* Exercise: Transcribe every line from the one containing "Cet ancien transat" through the end of the records below, exactly, but not the pictures.

Data records
--

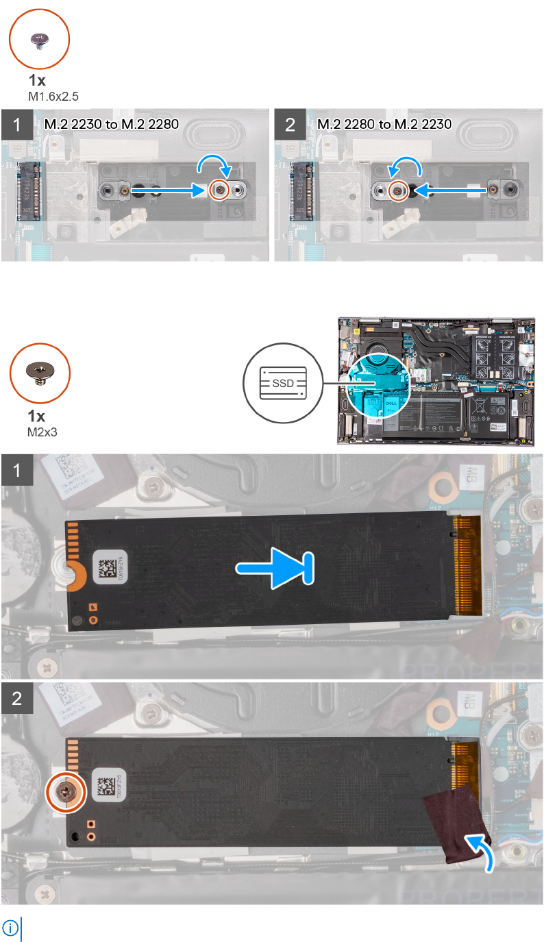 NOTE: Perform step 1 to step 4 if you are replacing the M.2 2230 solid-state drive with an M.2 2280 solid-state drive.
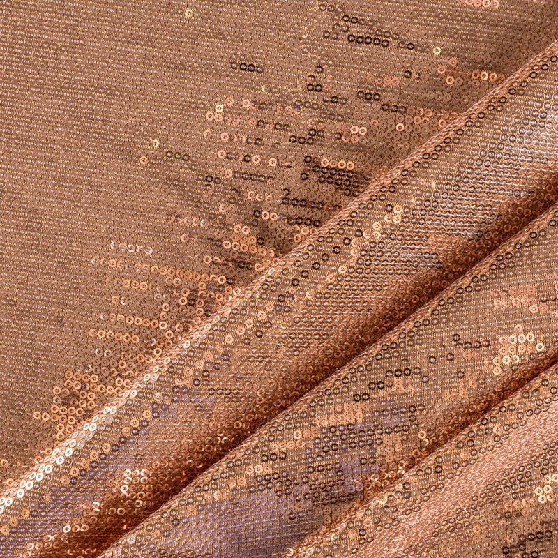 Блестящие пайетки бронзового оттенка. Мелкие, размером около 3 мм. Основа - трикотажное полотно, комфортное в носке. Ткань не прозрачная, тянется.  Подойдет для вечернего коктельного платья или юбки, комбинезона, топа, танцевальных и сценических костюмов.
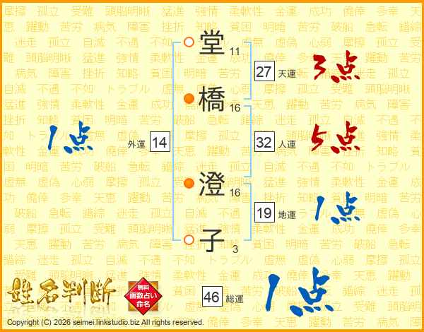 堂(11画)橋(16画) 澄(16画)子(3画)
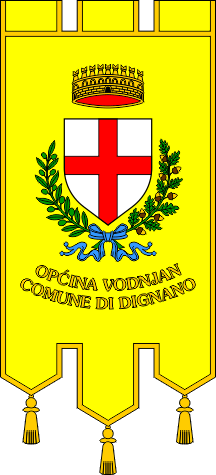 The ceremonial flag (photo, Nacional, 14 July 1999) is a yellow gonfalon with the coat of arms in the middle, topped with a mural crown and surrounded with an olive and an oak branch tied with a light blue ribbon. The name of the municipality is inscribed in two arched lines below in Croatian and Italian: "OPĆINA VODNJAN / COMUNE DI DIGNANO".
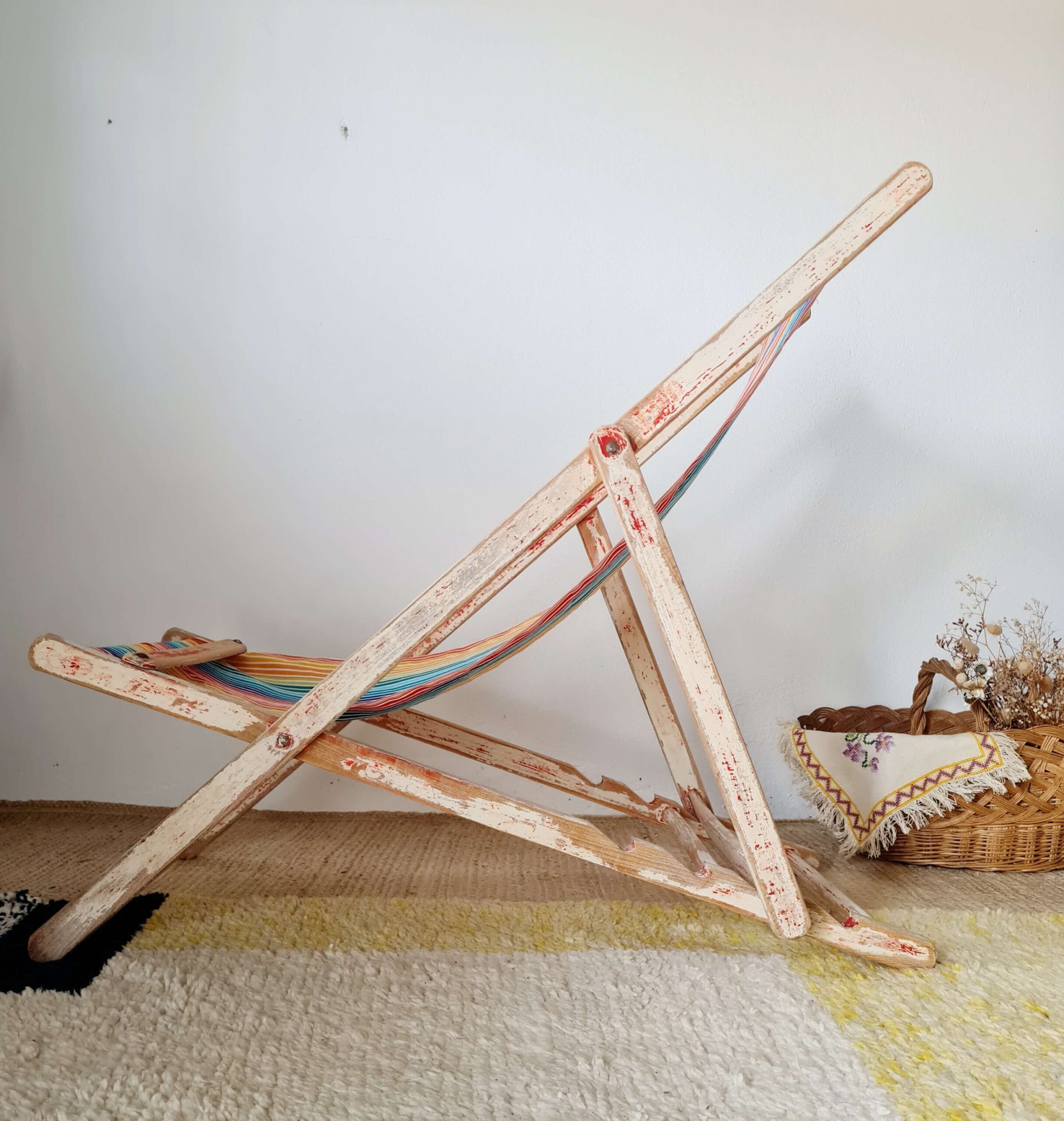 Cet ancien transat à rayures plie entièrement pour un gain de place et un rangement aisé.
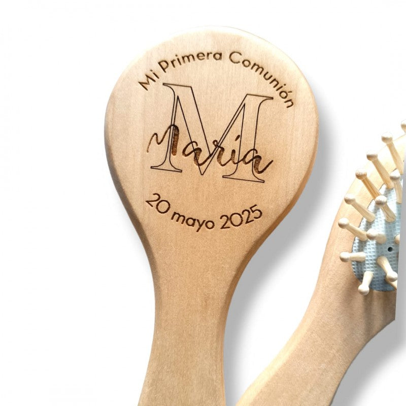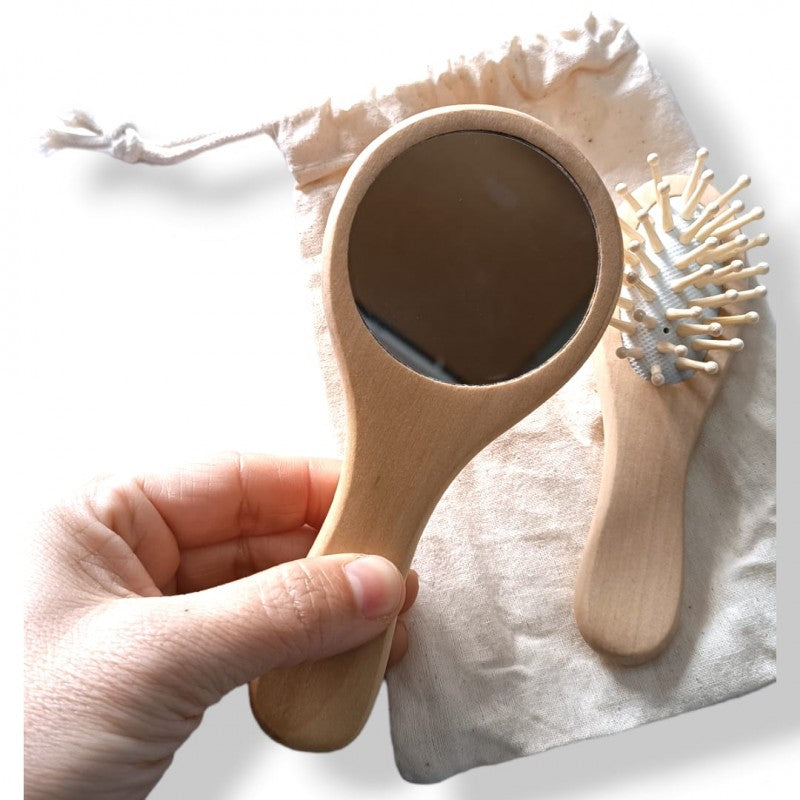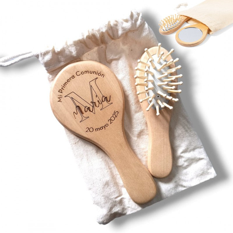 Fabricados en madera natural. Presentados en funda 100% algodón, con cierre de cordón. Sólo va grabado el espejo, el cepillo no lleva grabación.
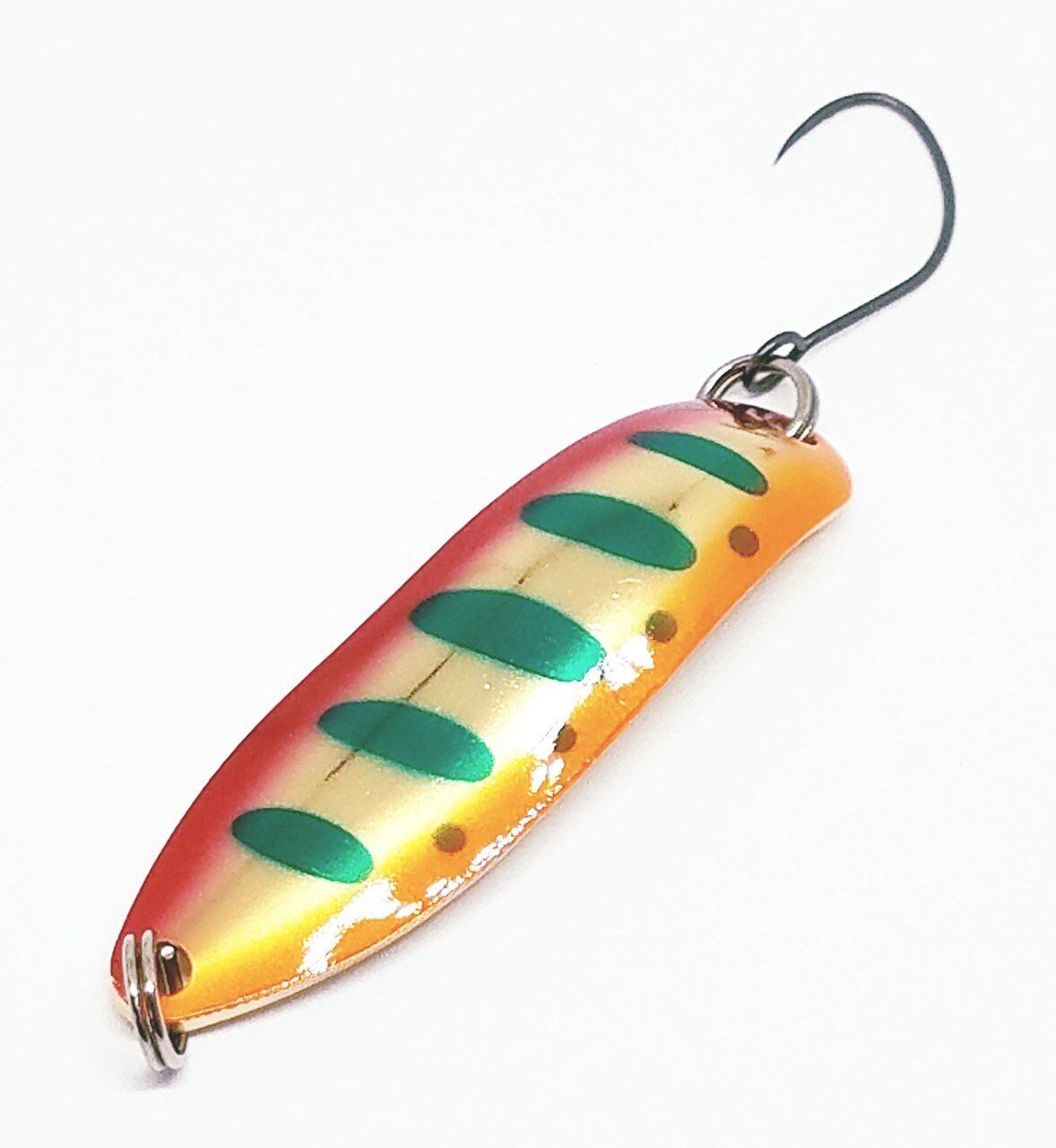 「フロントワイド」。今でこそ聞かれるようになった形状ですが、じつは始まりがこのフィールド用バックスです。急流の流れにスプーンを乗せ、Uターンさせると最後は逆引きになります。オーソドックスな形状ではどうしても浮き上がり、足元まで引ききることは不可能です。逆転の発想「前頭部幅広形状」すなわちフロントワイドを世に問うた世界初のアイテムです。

--

* Your solution:
 Cet ancien transat à rayures plie entièrement pour un gain de place et un rangement aisé.
 Fabricados en madera natural. Presentados en funda 100% algodón, con cierre de cordón. Sólo va grabado el espejo, el cepillo no lleva grabación.
 「フロントワイド」。今でこそ聞かれるようになった形状ですが、じつは始まりがこのフィールド用バックスです。急流の流れにスプーンを乗せ、Uターンさせると最後は逆引きになります。オーソドックスな形状ではどうしても浮き上がり、足元まで引ききることは不可能です。逆転の発想「前頭部幅広形状」すなわちフロントワイドを世に問うた世界初のアイテムです。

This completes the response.